Tested in Azure Synapse Analytics.

thugsatbay commented 3 years ago
spark.conf.set("spark.sql.autoBroadcastJoinThreshold", -1)
spark.conf.set("spark.hyperspace.explain.displayMode", "html")
val departments = Seq(
  (10, "Accounting", "New York"),
  (20, "Research", "Dallas"),
  (30, "Sales", "Chicago"),
  (40, "Operations", "Boston"))
// Sample employee records
val employees = Seq(
  (7369, "SMITH", 20),
  (7499, "ALLEN", 30),
  (7521, "WARD", 30),
  (7566, "JONES", 20),
  (7698, "BLAKE", 30),
  (7782, "CLARK", 10),
  (7788, "SCOTT", 20),
  (7839, "KING", 10),
  (7844, "TURNER", 30),
  (7876, "ADAMS", 20),
  (7900, "JAMES", 30),
  (7934, "MILLER", 10),
  (7902, "FORD", 20),
  (7654, "MARTIN", 30))
// Save sample data in the Parquet format
import spark.implicits._
val empDFM: DataFrame = employees.toDF("empId", "empName", "deptId")

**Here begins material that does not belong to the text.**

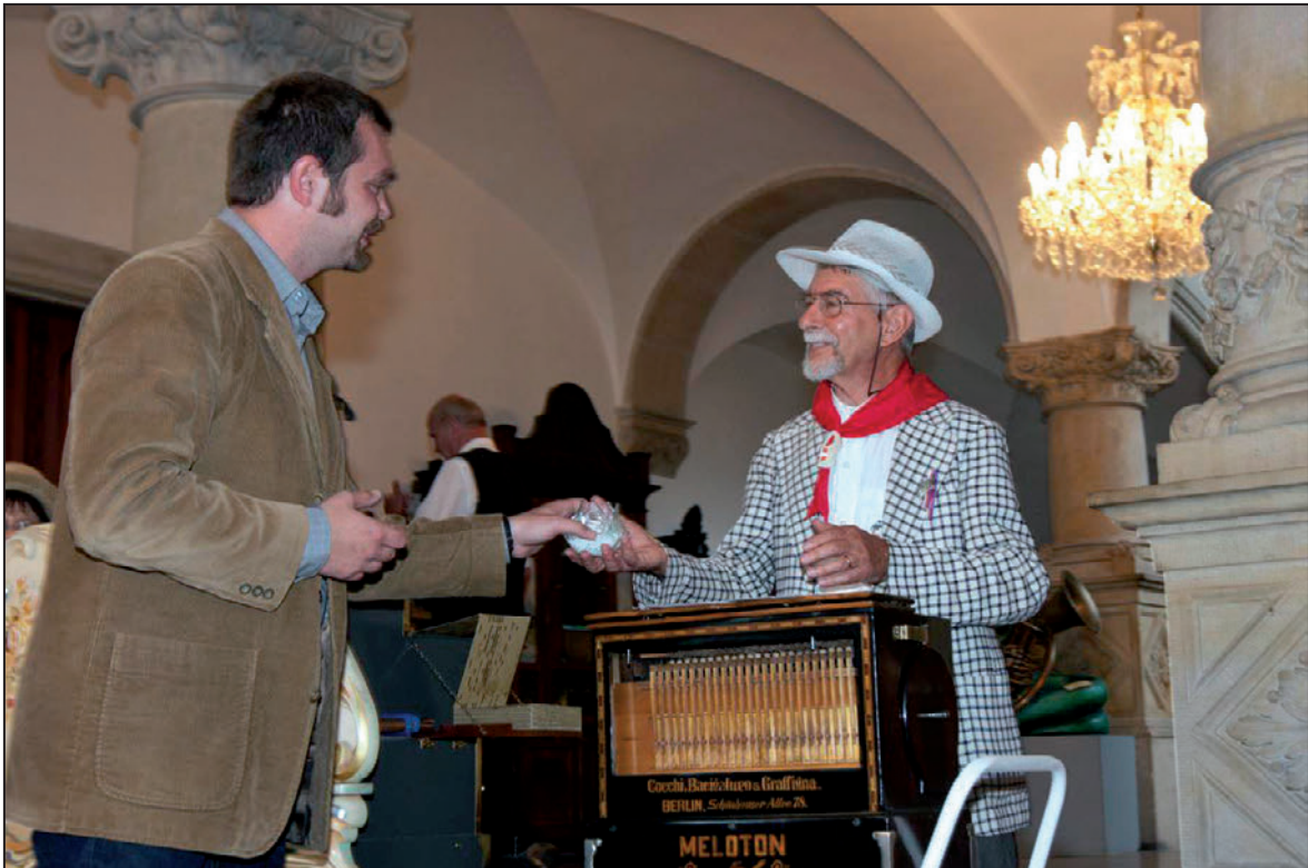
Další ročník festivalu Liberecký flašinetář probíhal jak uvnitř budovy Severočeského muzea...

val deptDFM: DataFrame = departments.toDF("deptId", "deptName", "location")
val dataPath = testDir
val empLocation: String = s"$dataPath/employees.parquet"

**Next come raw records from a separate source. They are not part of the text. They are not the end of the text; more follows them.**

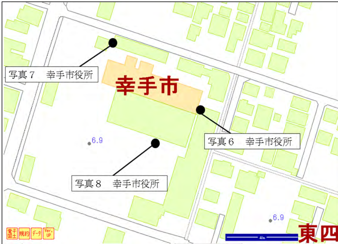
図4 震度観測点周辺拡大図（幸手市役所）
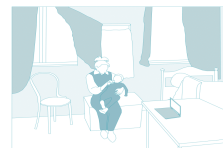
Falta de espacio
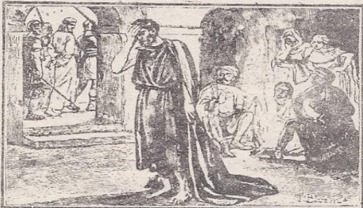
ዘክመ ፡ ንስሐ ፡

ወንጌል ፡ ዘሉቃስ ። ወርእዮቶ ፡ ወላት ፡ እንዘ ፡ ይነብር ፡ መንገል ፡ በር ህ ፡ ወተጠየቀቶ ፤ ወትቤ ፡ ዝኒ ፡ ምስሌሁ ፡ ሀሎ ። ወክሕደ ፡ ወይቤላ ፡ ብእሲቶ ፡ ኢየሐምር ፡ ለዘት ብሊ ። ወእምድጎረ ፡ ሕቅ ፡ ርእዮ ፡ ካልእ ፤ ወይ ቤሎ ፡ አንተሂ ፡ እምኒሆሙ ፡ አንተ ። ወይቤሎ ፡ ጴጥሮስ ፡ አንተ ፡ ብእሲ ፡ ኢኮንኩ ። ወጎሊፎ ፡ መጠነ ፡ ሰግት ፡ ዐጠቆ ፡ አሐዱ ፡ ካልእ ፤ ወይቤ ሎ ፡ አማን ፡ ዝንቱሂ ፡ ምስሌሁ ፡ ሀሎ ፤ ወገሊ ላዊ ፡ ውእቱ ። ወይቤሎ ፡ ጴጥሮስ ፡ አንተ ፡ ብ እሲ ፡ ኢየሐምር ፡ ለዘትብል ። ወእንዘ ፡ ይትናገ ር ፡ ነቀወ ፡ ዶርህ ፡ ሶቤሃ ። ወተመይጠ ፡ እግዚ እነ ፡ ኢየሱስ ፡ ወንጸሮ ፡ ለጴጥሮስ ፡ ወተዘከረ ፡ ጴጥሮስ ፡ ቃሎ ፡ ለእግዚእነ ፡ ዘይቤሎ ፡ ሥልሰ ፡ ትክሕደኒ ፡ ዮም ፡ ዘእንበለ ፡ ይንቁ ፡ ዶርህ ። ወ

val deptLocation: String = s"$dataPath/departments.parquet"
empDFM.write.mode("overwrite").parquet(empLocation)
deptDFM.write.mode("overwrite").parquet(deptLocation)
val empDF: DataFrame = spark.read.parquet(empLocation)
val deptDF: DataFrame = spark.read.parquet(deptLocation)
val empIndexConfig: IndexConfig = IndexConfig("empIndex", Seq("deptId"), Seq("empName"))
val deptIndexConfig1: IndexConfig = IndexConfig("deptIndex1", Seq("deptId"), Seq("deptName"))
val deptIndexConfig2: IndexConfig = IndexConfig("deptIndex2", Seq("location"), Seq("deptName"))
hyperspace.createIndex(empDF, empIndexConfig)
hyperspace.createIndex(deptDF, deptIndexConfig1)
hyperspace.createIndex(deptDF, deptIndexConfig2)

val empDFrame = empDF
val deptDFrame = deptDF
val eqJoin: DataFrame =
  empDFrame.
    join(deptDFrame, empDFrame("deptId") === deptDFrame("deptId")).
    select(empDFrame("empName"), deptDFrame("deptName"))
eqJoin.show()
hyperspace.explain(eqJoin)

Using this script locally on dev machine it works with OSS spark just fine.